It’s (once again) a great day to be a Boston sports fan. The late (and great) Myra H. Kraft must have called in a few favors last night when the New England Patriots squeaked by the Baltimore Ravens for a spot in the forthcoming Super Bowl. Hopefully she also called in a few favors so that they play better in two weeks than how they performed yesterday (my nails are gone). In any case, a new week begins, and hence time to think about enterprise mobility.
One of my favorite members of our (not so) little community posted a very interesting link onto Twitter this morning regarding how Target is looking to stop potential customers from “Showrooming.” The Wall Street Journal describes “showrooming” as
“when shoppers come into a store to see a product in person, only to buy it from a rival online, frequently at a lower price.”
While the article doesn’t make the connection explicitly, I suspect that Target is targeting (all puns intended) the increasing number of shoppers who are showrooming (I call them savvy buyers) and using applications on their smartphones that let them scan a UPC symbol to see if they can find a better price for the product elsewhere. This is a real issue for traditional brick and mortar retailers that will typically have higher prices than their exclusively online competitors due to the “burdens” of having all the costs associated to the physical point of sale.
So what is Target trying to do to prevent showrooming? It’s allegedly asking its suppliers to create separate SKUs that are unique to Target….which means comparison shopping becomes that much more difficult.
This article made me think about two things. First and foremost, I think back to what my uncle told me a few years ago in a 100% non-business related discussion.
My second thought relates to how I have shared my view (ad nauseum) that mobility will impact and be impacted by every facet of the workplace. In this case, sales are being potentially reduced by mobile technologies.
The traditional big corporate mindset is to erect barriers to such situations. It’s analogous to the walled gardens that wireless carriers had created historically to lock in customers….uhmm, I mean to provide “exclusive” content. Look how well that worked out in the long run.
Instead, I think brick and mortar retailers need to adapt to and embrace the mobile trend. No, I don’t think they are going to die tomorrow because of mobile technologies, and yes, I do realize that they are increasingly using more and more mobile technology in their actual stores, but I am still not seeing tremendous adoption of mobile as a B2C channel where the brick and mortar stores can augment their interaction (and sales) with customers via the mobile channel…because, in the end, that’s what it can be.

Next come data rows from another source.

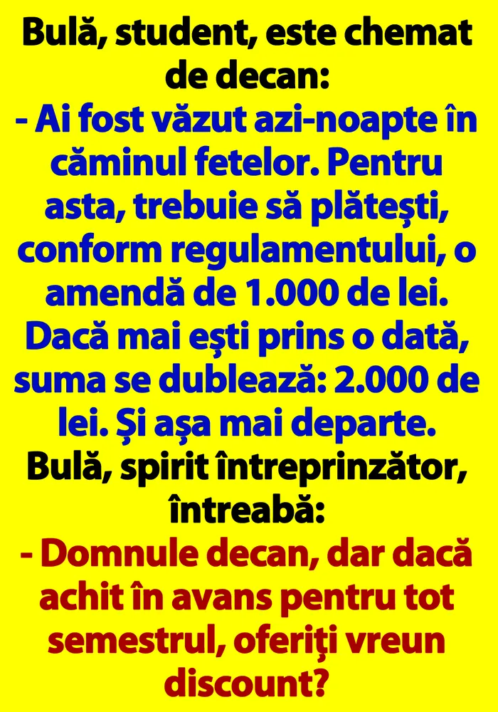 – Domnule decan, dacă achit în avans pentru tot semestrul, oferiți vreun discount?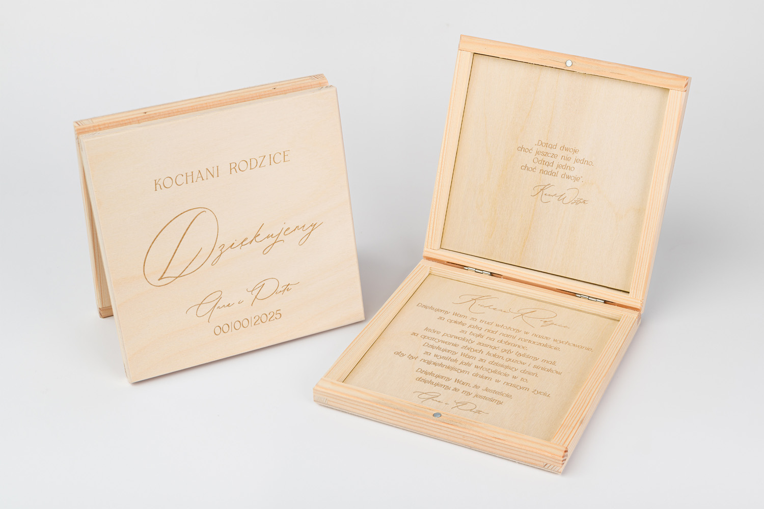 Drewniane pudełeczko to bardzo trwała forma spersonalizowanego upominku. Może służyć jako zaproszenie, prośba o błogosławieństwo lub podziękowanie. Tekst może być skierowany do różnych osób np.: rodziców, świadków, chrzestnych, dziadków lub innych ważnych dla Was osób, które chcecie obdarować taką pamiątką z tego wyjątkowego dnia.
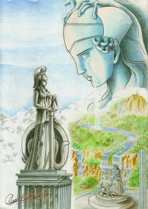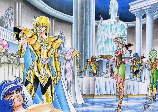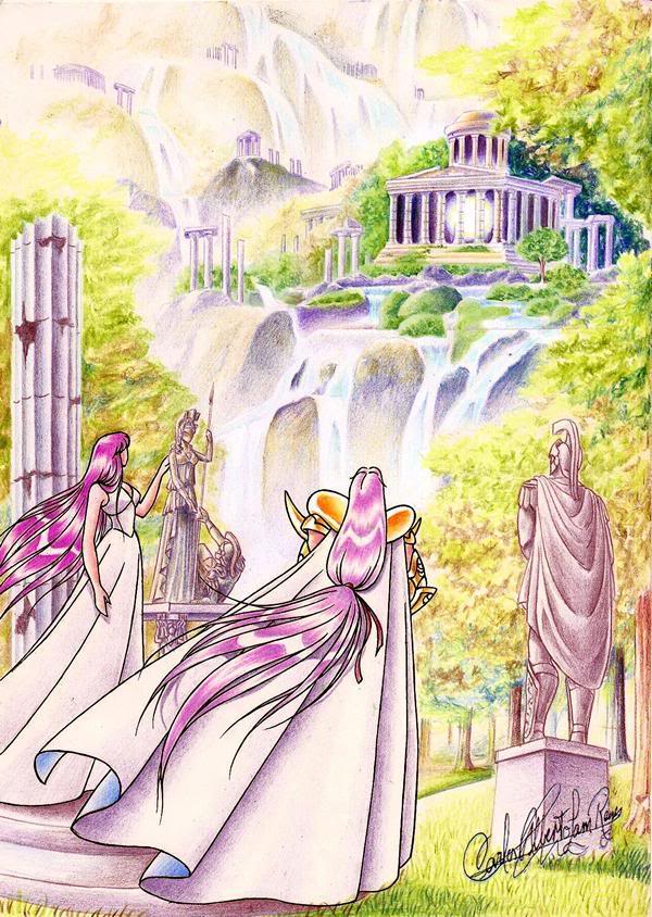 Fanart de Carlos Alberto Lam Reyes (Perú) -El amor de Atenea.... sólo en un caballero... en uno...- Saori tenía la sensación de poder oir los gemidos y el débil latido del pulso de Hyoga, Shiryu, Shun e Ikki que junto con Seiya permanecían tendidos sin sentido en la fuente de Atenea, intentando con todas sus fuerzas volver a hacer arder la llama de sus vidas que se desvanecía. Y no sólo eran ellos, el corazón de Saori se compungía al recordar los numerosos caballeros que por Atenea habían caido y vertido su sangre. Ante esta situación Mu le explicó a Saori el origen del nombre de la fuente de Atenea.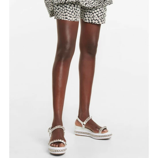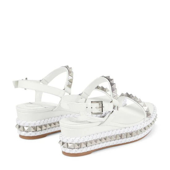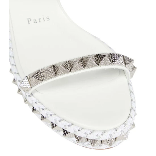 Bring an otherworldly touch to everyday looks with the Pyraclou platform sandals from Christian Louboutin. The open-toe design has white leather straps and the label’s signature studded embellishments.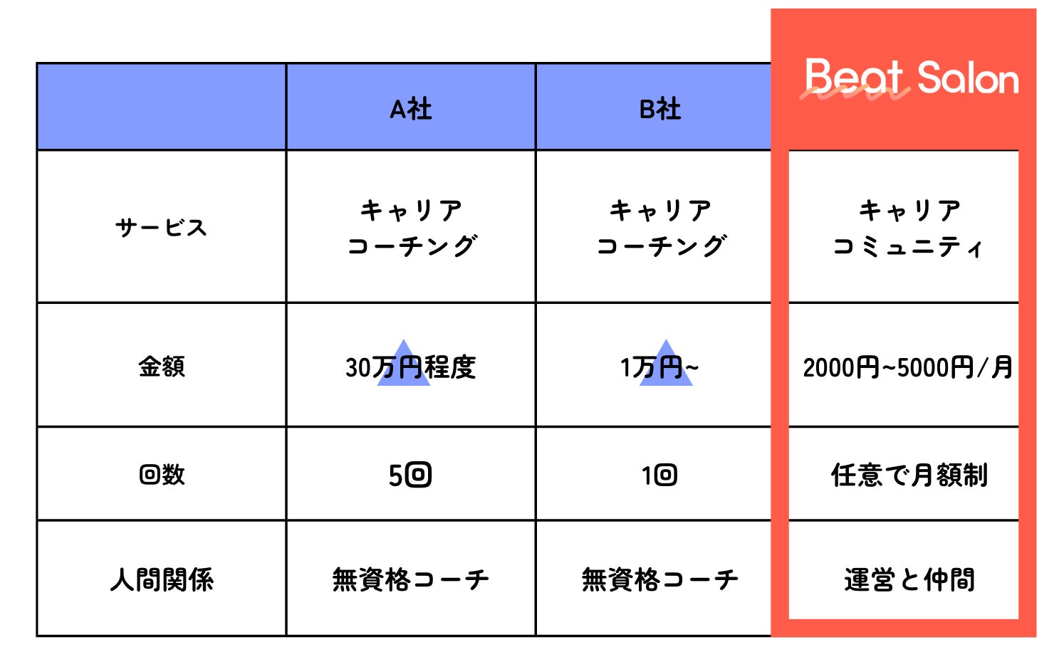 ・キャリアコーチングなら数ヶ月で数十万円。Beat Salonなら月額2,000~から気軽にスタート!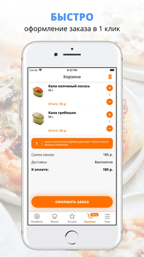Скачивайте наше приложение, оформляйте заказ и наслаждайтесь любимой едой, где бы Вы ни были! Приятного аппетита!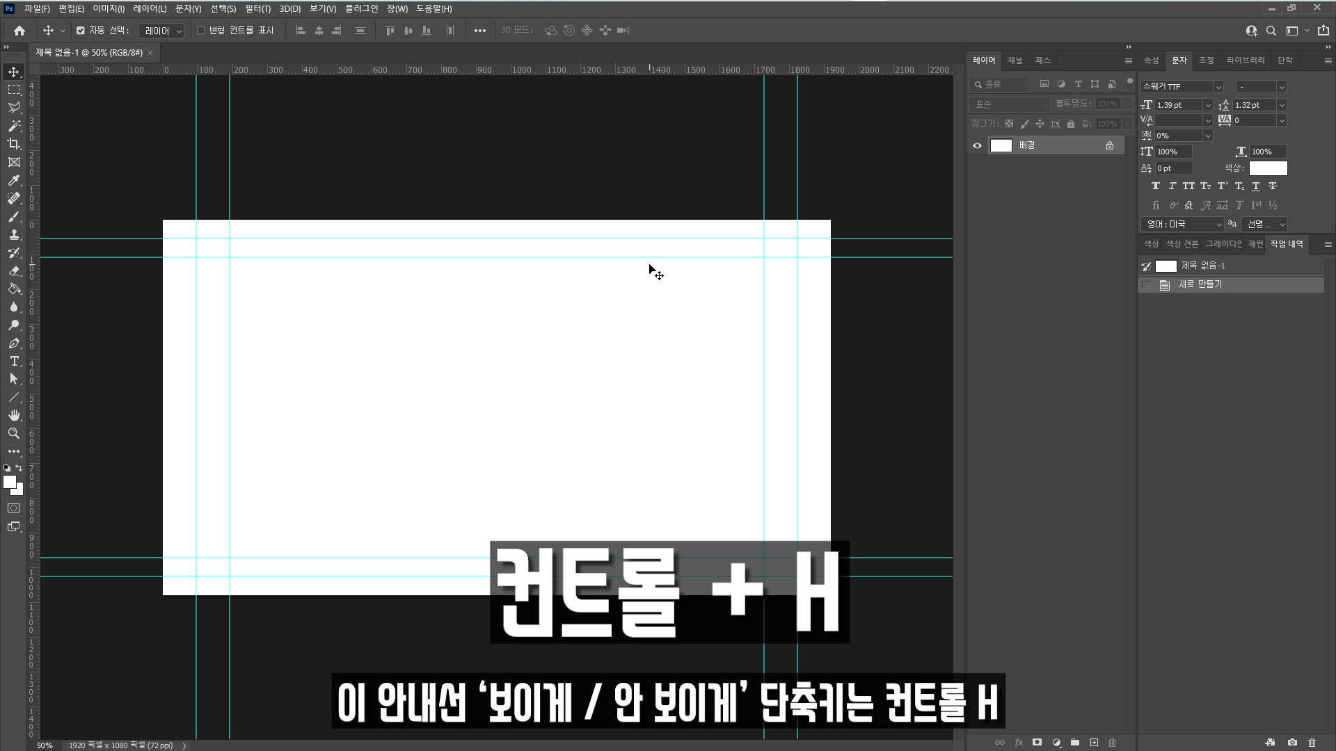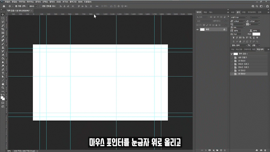 포토샵 안내선(가이드선) 없애기 , 만들기, 생성, 표시선, 민트선, 파란선, 눈금자 단축키, 안내선 단축키 설명 영상.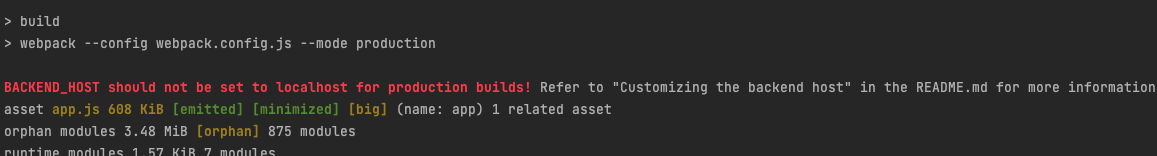 .env 에서 백엔드 URL 을 지정하지 않았다면, 다음과 같은 경고 메시지가 나옵니다.

Sure there will always be someone that can perhaps provide a product for less money, but I am sure many people feel like me that there is still much value in purchasing things in a physical store. Apple would certainly tend to agree with me on that front. Additionally, I may be in the minority here, but when I purchase things that are not CDs, books or the like, I actually prefer to buy them in a store because I can (more) easily return them should I not be satisfied with the purchase.
So back to the mobile opportunity. While Target does have a mobile app for iOS and Android, I feel as if Target could do so many more things with its mobile application. Walgreens’ mobile application for example lets you refill your prescription by scanning your old bottle…and you’ll still go make the pick-up at the store (and hopefully make other purchases). Best Buy lets you make purchases off your mobile…and I can even see the weekly ad (Target does this too), or call the nearest store directly from my app. They are looking for ways to more deeply connect and interact with their customers on their mobile devices. I would suggest they consider taking it one step further by providing mobile exclusive (not web exclusive) deals that can be purchased on the device, and then you decide how you acquire it…meaning whether you pick it up at a store, or have it delivered to you. That’s leveraging mobility.
Now mind you, I’m not suggesting that is the only thing they can do (I am not a retail strategist), but I am suggesting they seek ways to embrace mobility end-to-end as a long term growth strategy, as opposed to fearing its short term impact on sales.